[Information supplied]
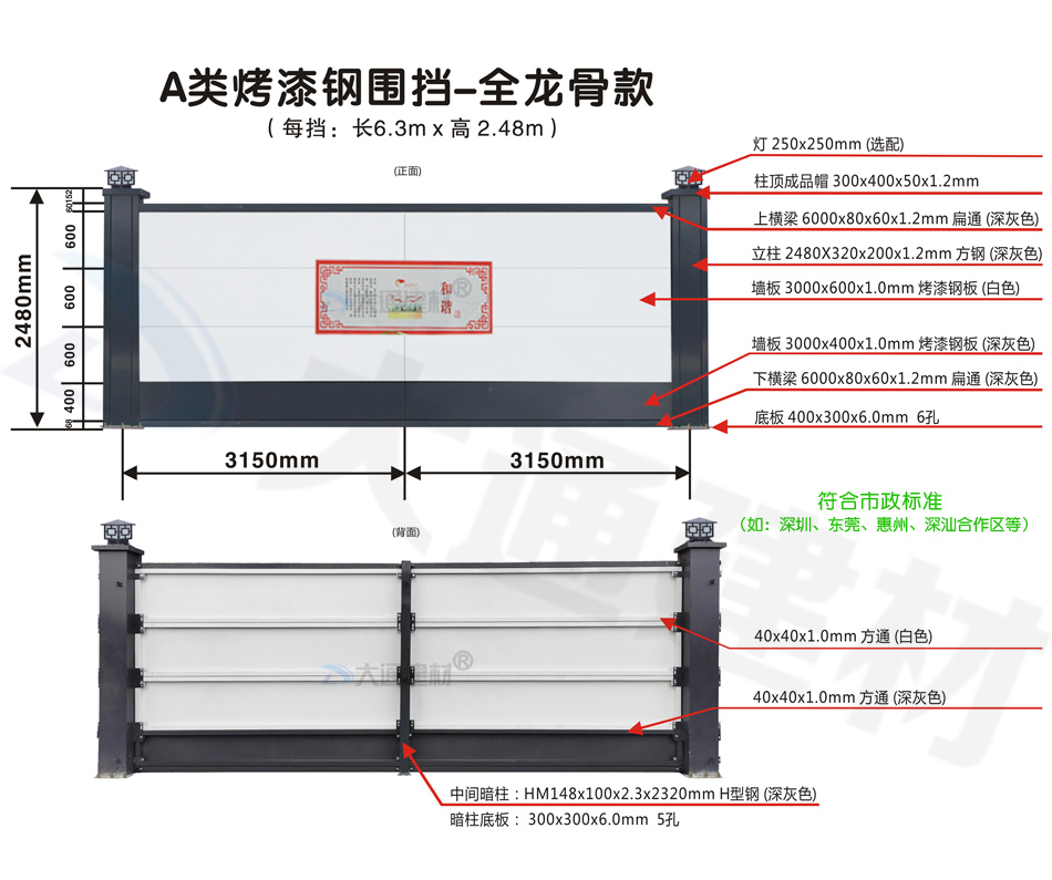 大通 A類烤漆鋼圍擋-全龍骨款 特點(diǎn)
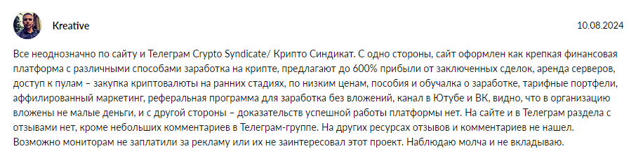 • Большое количество негативных отзывов о cryptosyndicate в сети
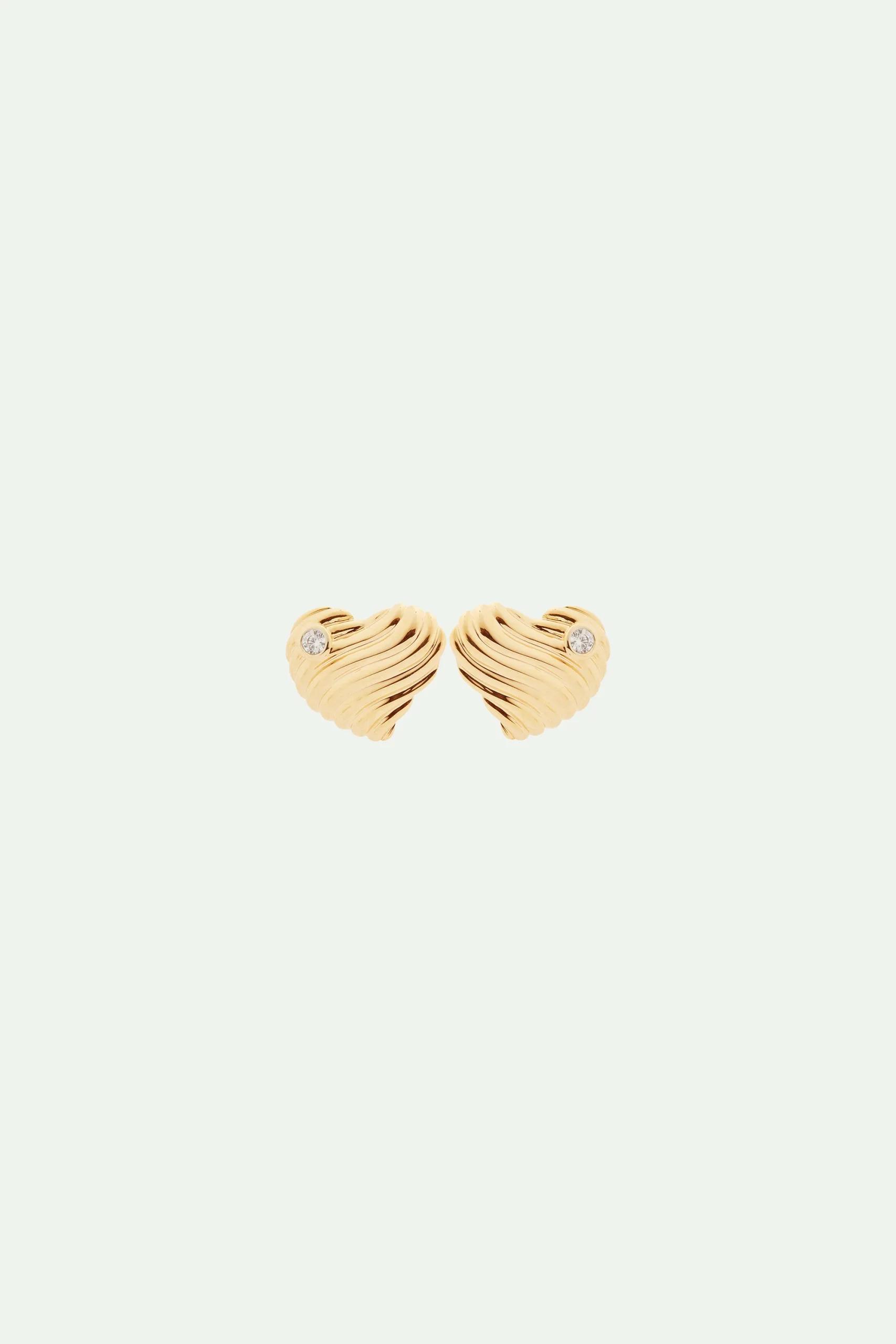 Laissez-vous séduire par ces magnifiques boucles d’oreilles coeur strié et oxyde de zirconium qui captureront votre cœur dès le premier regard. Chaque cœur des boucles d’oreilles est orné d’une texture cannelée qui évoque les douces vagues de l’océan. Cette paire de boucles d’oreilles présente un oxyde de zirconium incrusté sur le haut arrondi de chaque cœur. Ces éclats étincelants ajoutent une touche de brillance, symbolisant les moments étincelants et lumineux de l’amour partagé. Ils rappellent les rayons du soleil se reflétant sur l’océan, créant ainsi une atmosphère de magie et de romance. Boucles d’Oreilles Clip : Laiton doré à l’or fin, texture cannelée et oxyde de zirconium.
[/Information supplied]
Exercise requirements: The lines above should be transcribed exactly, with every image removed.

Answer for the task:
 大通 A類烤漆鋼圍擋-全龍骨款 特點(diǎn)
 • Большое количество негативных отзывов о cryptosyndicate в сети
 Laissez-vous séduire par ces magnifiques boucles d’oreilles coeur strié et oxyde de zirconium qui captureront votre cœur dès le premier regard. Chaque cœur des boucles d’oreilles est orné d’une texture cannelée qui évoque les douces vagues de l’océan. Cette paire de boucles d’oreilles présente un oxyde de zirconium incrusté sur le haut arrondi de chaque cœur. Ces éclats étincelants ajoutent une touche de brillance, symbolisant les moments étincelants et lumineux de l’amour partagé. Ils rappellent les rayons du soleil se reflétant sur l’océan, créant ainsi une atmosphère de magie et de romance. Boucles d’Oreilles Clip : Laiton doré à l’or fin, texture cannelée et oxyde de zirconium.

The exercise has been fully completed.